The line containing "Hoher runder Outdoor-Tisch" and every line after it, through the end of the records below, are to be reproduced exactly, with the pictures left out.

EXCERPTED RECORDS ▸

● ● ●

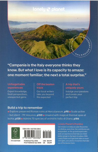 Discover Naples, Pompeii & the Amalfi Coast's most popular experiences and best kept secrets from taking a glass-bottom boat to the sunken underwater ruins of the ancient Roman city of Aenaria, to heading to the idyllic Vigne di Raito for a relaxed vineyard picnic, and visiting Positano's myriad of colourful boutiques selling souvenirs and beachwear.Build a trip to remember with Lonely Planet's Naples, Pompeii & the Amalfi Coast travel guide:Our classic guidebook format contains the most comprehensive level of information for planning multi-week tripsAll-new structure and design that's easy to use so you can navigate Naples, Pompeii & the Amalfi Coast effortlesslyExciting itineraries help you create your perfect adventure with suggestions for extended journeys, day trips, walking tours and activity-led excursionsExpert local recommendations on eating, drinking, nightlife, shopping, accommodation, festivals, when to go and moreVibrant photography and maps including a pull-out map of Naples
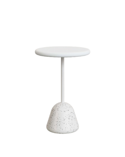 Hoher runder Outdoor-Tisch Saura 70.0 x 96 x 70.0 Zement Terrazzo Weiß
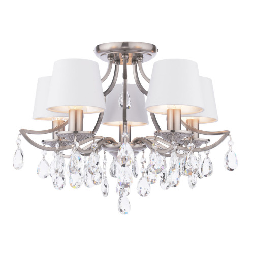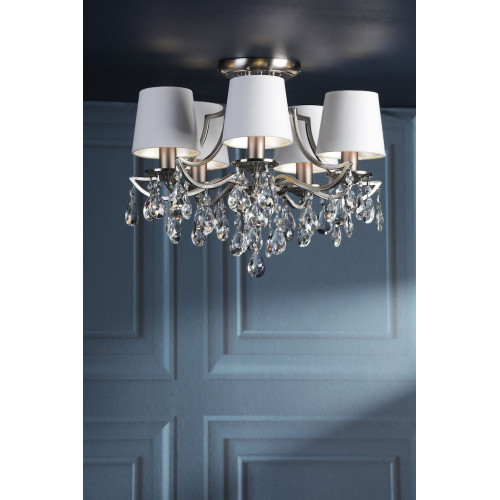 The Laura Ashley 5 Light Semi Flush Ceiling Light, with ivory fabric shades and polished nickel finish, has crystal accents. Perfect for living rooms or bedrooms with lower ceilings.
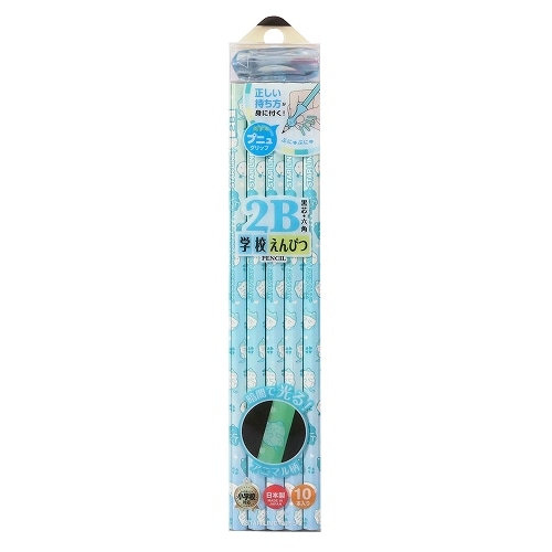 暗闇で光る蓄光デザイン、派手過ぎず学校に持っていきやすい六角軸、2B黒芯の鉛筆です。両手用プニュグリップ1コ付。10本入、名前欄付。【検索ハッシュタグ】#鉛筆#光る#蓄光#持ち方#書き方#新入学#学用品#クツワ
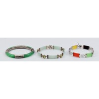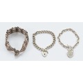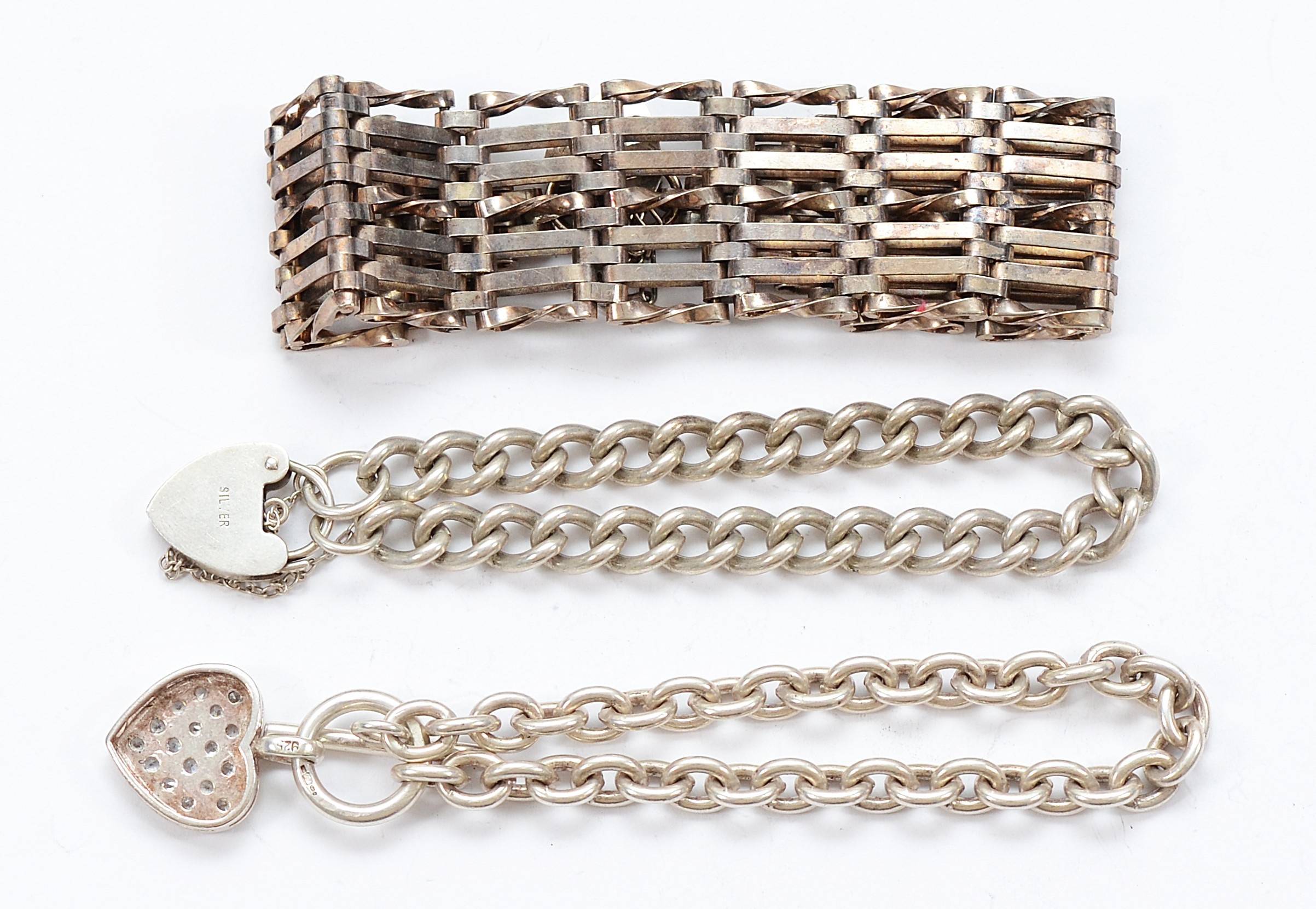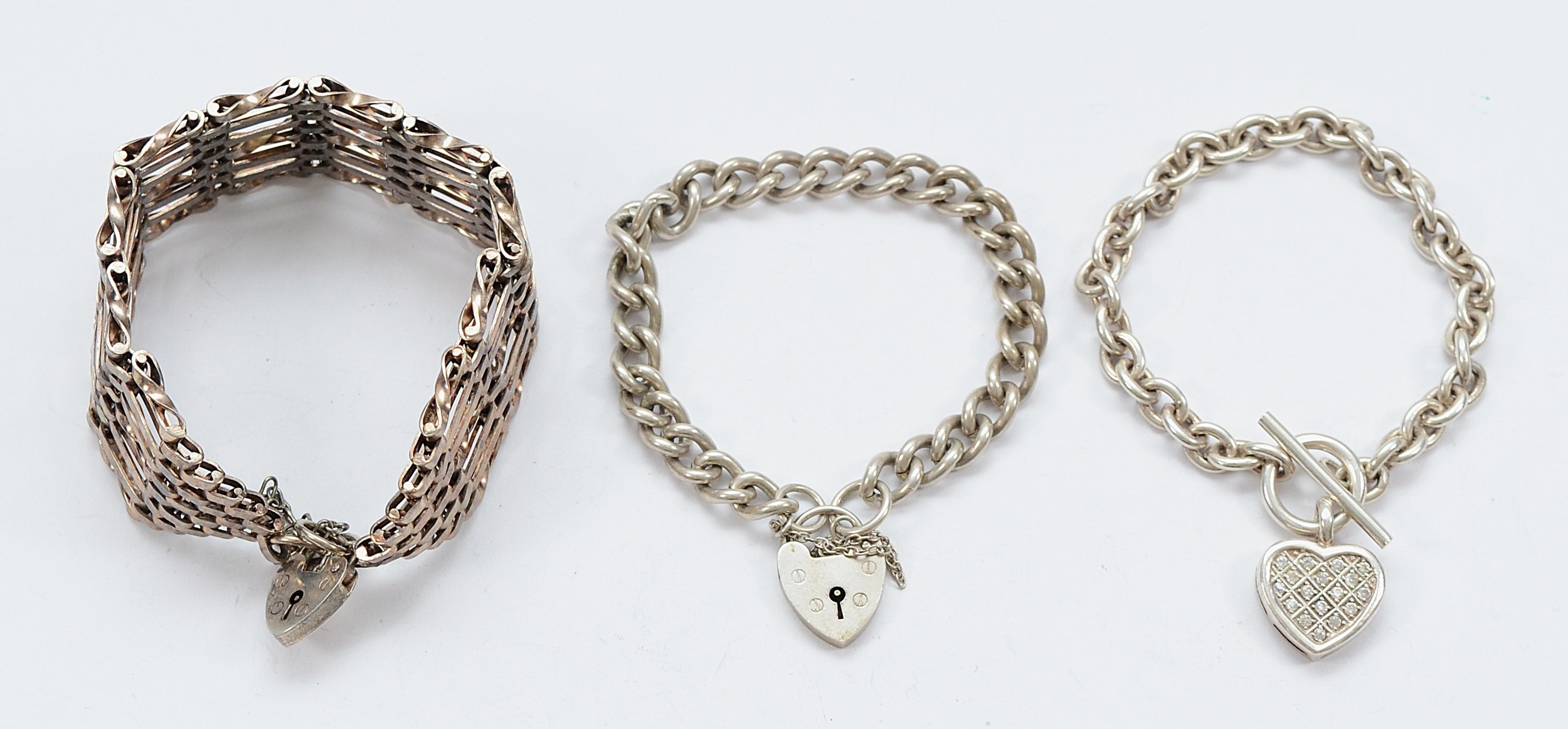 A 925 silver gemset curb link bracelet with heart tag, with two silver bracelets with heart padlock clasps, 83g

● ● ●

SOLUTION ▸
 Hoher runder Outdoor-Tisch Saura 70.0 x 96 x 70.0 Zement Terrazzo Weiß
 The Laura Ashley 5 Light Semi Flush Ceiling Light, with ivory fabric shades and polished nickel finish, has crystal accents. Perfect for living rooms or bedrooms with lower ceilings.
 暗闇で光る蓄光デザイン、派手過ぎず学校に持っていきやすい六角軸、2B黒芯の鉛筆です。両手用プニュグリップ1コ付。10本入、名前欄付。【検索ハッシュタグ】#鉛筆#光る#蓄光#持ち方#書き方#新入学#学用品#クツワ
 A 925 silver gemset curb link bracelet with heart tag, with two silver bracelets with heart padlock clasps, 83g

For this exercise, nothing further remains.